My Latest Reviews


27 June 2019

I loved the story and am in awe of the author’s ability to switch effortlessly between the modern and war years. I couldn’t put it down. If you like historical fiction, romance and a thriller all in one, this book is for you. Highly recommended.


18 June 2019

Format: Kindle EditionVerified Purchase

This is the second story which I’ve read from the pen of Ms Vega, and it did not disappoint. This short story is told in the first person by Emma, a young girl who ends up in an orphanage after her spineless father leaves them, and her mother dies in a fire under mysterious circumstances.

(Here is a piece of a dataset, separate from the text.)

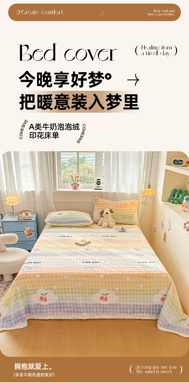 (总)丝芙妮家居(原乐视家纺) 2025新款A类牛奶泡泡绒印花单品床单,草莓小猫,春日樱桃,纯真小熊,狗狗乐园,假日小狗,快乐小熊猫,漫花香,泡芙KT,轻舞梦蝶,甜蜜黛露,甜糯凯蒂,晚安宝贝,西高地,心愿蝴蝶-咖,心愿蝴蝶-绿,夜幕星辰,慵懒KT,遇见花海,紫色蝴蝶结,可爱颂

From the outset, it is clear that Emma will have no justice in the care system, and this is a frightening thing to contemplate. Those – both teachers and carers – don’t seem to care enough to find out what is really happening to her, even when she has her period, which she wrongfully blames on a blow she received from her best friend, Jessica, and the subsequent thrashing she gets from the head of the orphanage who turns a blind eye to her being assaulted by two of the male employees. The abuse started when she’s about thirteen and carries on till she’s fifteen before something snaps in her.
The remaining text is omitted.